Turning Point – The First Day
There is no better way to introduce it or say it than to just do it:
The Fab Hub has a brand new job!!!
Woo hoo! Hooray! And thank the Lord!
It’s exactly what he needs to make this break into the world of IT. It’s the door we have been hoping would open. I spent a whole lot of yesterday crying, mostly from relief, I think. All that tension, waiting, emotion that has been pent up inside just kind of came spilling out.
I’m going to be totally honest here, though. Some of the details of his new position are not precisely what we were hoping and praying for. And maybe we did start to go down that path of wondering why it isn’t what we asked for.
But the answer to that is simple: sometimes the answer is no. Sometimes the answer is not this right now, but something better later. I am choosing to believe that’s what at work here.
I posted a song earlier this morning that I found when reading Essie’s blog last night. She talked about how through trials she has faced over the last year, while great pain and suffering was involved, she realizes how much closer it has drawn her to God, how much it has deepened her faith.

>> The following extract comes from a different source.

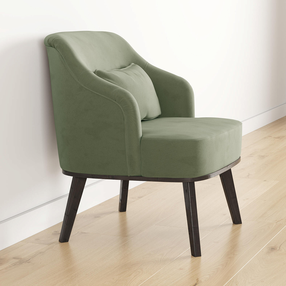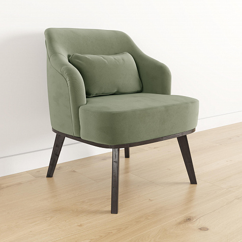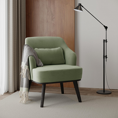 Кресло «Ноа» — минималистичная модель идеально подойдет для создания уютной зоны отдыха. Кресло в скандинавском стиле выделяется высокой спинкой, плавно перетекающей в подлокотники. Лаконичный образ завершает деревянное основание с тонкими опорами. Небольшая декоративная подушка поможет скорректировать глубину посадки для более комфортного отдыха.

It’s all true.
I have a little devotional book that I started using not long after the Hub had his job taken away over two years ago. I have used it off and on through all of this. More times than I can count, I have found that the reflection for a particular day spoke specifically to what was happening in our lives. The words of the author and of the Bible for those days offered me strength and solace, which I expected them to, to be honest. But to the degree of specificity that I found? I never imagined.
So I could stomp my feet and throw a tantrum that this job isn’t exactly what we asked for, what we wanted. The person I was two years ago most assuredly would have. But not today. Today I am thankful beyond measure. The person I am today knows this job is what we need. When I sit in still and silent prayer, I find I am able to trust God in a way I don’t think I would have two years ago. This is all going to be fine. I know it in my heart.
This is a turning point for all of us and I believe that so much good still lies ahead.
We need to have faith and simply do the next thing…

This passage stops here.